[SCHEDULE 13D/A] ASA GOLD AND PRECIOUS METALS LIMITED SEC Filing
Saba Capital Management, Saba Capital Management GP, LLC and Boaz R. Weinstein jointly report beneficial ownership of 3,686,546 common shares of ASA Gold and Precious Metals Limited, equal to 19.53% of the outstanding class based on 18,872,332 shares as of 5/31/25. The filing shows shared voting and shared dispositive power over these shares.
Funds used to acquire the position came from investor subscription proceeds, capital appreciation and margin borrowings, and the Reporting Persons paid approximately $64,022,223 to acquire the reported shares. Item 4 lists the purpose as Not Applicable, and the open-market transactions are detailed in Schedule A.

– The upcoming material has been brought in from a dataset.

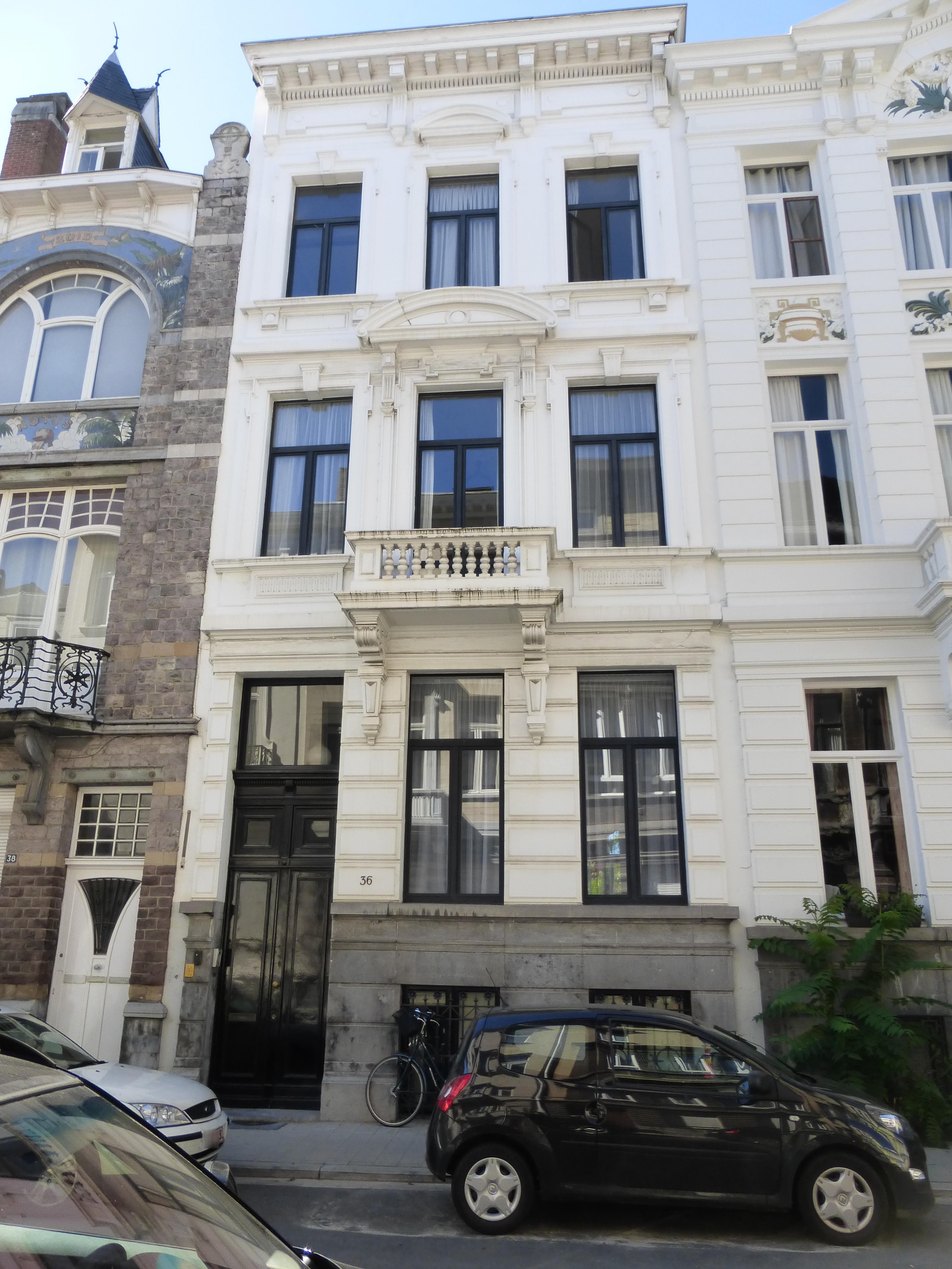 De afbeelding 'Ensemble van vier statige neoclassicistische huizen' gemaakt door Hooft, Elise wordt ter beschikking gesteld door Agentschap Onroerend Erfgoed (AOE) onder de volgende voorwaarden: Modellicentie voor gratis hergebruik, Naamsvermelding 4.0 Internationaal.

- Material stake disclosed: 3,686,546 shares representing 19.53% of ASA's common stock based on 18,872,332 shares outstanding as of 5/31/25
- Clear financing disclosure: Purchases funded by investor subscription proceeds, capital appreciation and margin borrowings; total paid ~$64,022,223
- Economic rights retained: Funds advised by Saba Capital have the right to receive dividends and proceeds from sales of the reported shares
- No purpose disclosed: Item 4 is listed as "Not Applicable," so the Reporting Persons did not state an intention or plan regarding the stake
- Shared, not sole, control: The filing shows shared voting and dispositive power rather than sole control, leaving uncertainty about who directs actions
- Transaction detail resides in Schedule A: This amendment references open-market transactions set forth in Schedule A rather than listing them inline in this filing
Insights
TL;DR: Saba holds a material 19.53% stake in ASA, purchased for about $64.0M; no purpose disclosed, limiting immediate signal.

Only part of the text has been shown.